## What is required
Which lines of the entries below hold the word "those"? Report each of them.

## Data in this exercise
*** Begin section ***

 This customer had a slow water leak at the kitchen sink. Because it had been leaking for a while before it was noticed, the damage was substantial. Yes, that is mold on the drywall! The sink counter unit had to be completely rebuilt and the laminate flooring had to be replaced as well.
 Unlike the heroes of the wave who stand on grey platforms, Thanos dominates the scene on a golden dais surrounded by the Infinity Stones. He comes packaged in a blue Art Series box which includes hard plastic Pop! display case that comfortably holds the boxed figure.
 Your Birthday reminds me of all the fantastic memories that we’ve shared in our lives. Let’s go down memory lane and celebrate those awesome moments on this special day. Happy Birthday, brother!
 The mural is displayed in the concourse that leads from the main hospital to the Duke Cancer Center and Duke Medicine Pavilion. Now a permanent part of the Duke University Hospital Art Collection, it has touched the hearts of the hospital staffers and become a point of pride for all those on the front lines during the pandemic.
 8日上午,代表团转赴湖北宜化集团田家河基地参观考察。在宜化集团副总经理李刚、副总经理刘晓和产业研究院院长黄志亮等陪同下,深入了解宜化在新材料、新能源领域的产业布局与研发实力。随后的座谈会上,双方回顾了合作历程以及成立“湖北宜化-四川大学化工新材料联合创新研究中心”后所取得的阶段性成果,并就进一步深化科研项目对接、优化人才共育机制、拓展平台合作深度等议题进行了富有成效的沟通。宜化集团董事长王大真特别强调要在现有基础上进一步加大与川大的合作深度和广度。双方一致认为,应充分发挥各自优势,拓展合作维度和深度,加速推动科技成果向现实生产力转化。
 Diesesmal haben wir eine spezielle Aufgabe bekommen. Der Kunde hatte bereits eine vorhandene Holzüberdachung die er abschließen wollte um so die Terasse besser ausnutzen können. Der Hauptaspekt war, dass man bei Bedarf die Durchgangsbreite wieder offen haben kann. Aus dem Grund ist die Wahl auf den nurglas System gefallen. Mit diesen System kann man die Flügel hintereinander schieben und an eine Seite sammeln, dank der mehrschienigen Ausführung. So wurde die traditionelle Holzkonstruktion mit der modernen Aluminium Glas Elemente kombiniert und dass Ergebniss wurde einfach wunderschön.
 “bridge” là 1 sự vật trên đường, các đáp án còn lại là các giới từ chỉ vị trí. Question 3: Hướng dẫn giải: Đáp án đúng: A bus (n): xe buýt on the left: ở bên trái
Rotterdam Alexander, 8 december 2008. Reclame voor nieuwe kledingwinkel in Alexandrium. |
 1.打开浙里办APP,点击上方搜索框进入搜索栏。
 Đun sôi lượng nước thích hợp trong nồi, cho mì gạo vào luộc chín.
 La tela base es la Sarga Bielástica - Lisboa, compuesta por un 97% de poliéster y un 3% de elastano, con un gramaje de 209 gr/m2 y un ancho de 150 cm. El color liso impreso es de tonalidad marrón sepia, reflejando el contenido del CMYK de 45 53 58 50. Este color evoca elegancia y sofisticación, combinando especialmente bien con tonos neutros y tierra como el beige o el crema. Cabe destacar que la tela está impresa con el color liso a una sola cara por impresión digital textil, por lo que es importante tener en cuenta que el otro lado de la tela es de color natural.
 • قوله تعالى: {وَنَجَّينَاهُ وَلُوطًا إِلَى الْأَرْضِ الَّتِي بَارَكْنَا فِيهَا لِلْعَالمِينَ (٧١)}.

*** End section ***
*** Begin section ***

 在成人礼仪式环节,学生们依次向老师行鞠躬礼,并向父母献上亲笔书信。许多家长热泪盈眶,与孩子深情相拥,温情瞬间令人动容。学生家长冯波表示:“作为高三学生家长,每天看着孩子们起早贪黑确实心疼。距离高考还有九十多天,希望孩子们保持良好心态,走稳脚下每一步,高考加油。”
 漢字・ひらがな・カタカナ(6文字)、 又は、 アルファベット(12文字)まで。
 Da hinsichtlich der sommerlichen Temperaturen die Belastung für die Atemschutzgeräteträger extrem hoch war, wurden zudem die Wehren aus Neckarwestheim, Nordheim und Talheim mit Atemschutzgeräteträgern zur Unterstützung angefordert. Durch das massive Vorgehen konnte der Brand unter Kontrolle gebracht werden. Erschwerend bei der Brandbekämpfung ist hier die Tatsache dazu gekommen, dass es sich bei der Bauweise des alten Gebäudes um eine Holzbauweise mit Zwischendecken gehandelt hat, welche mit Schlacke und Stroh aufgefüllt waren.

*** End section ***

## Response
 Your Birthday reminds me of all the fantastic memories that we’ve shared in our lives. Let’s go down memory lane and celebrate those awesome moments on this special day. Happy Birthday, brother!
 The mural is displayed in the concourse that leads from the main hospital to the Duke Cancer Center and Duke Medicine Pavilion. Now a permanent part of the Duke University Hospital Art Collection, it has touched the hearts of the hospital staffers and become a point of pride for all those on the front lines during the pandemic.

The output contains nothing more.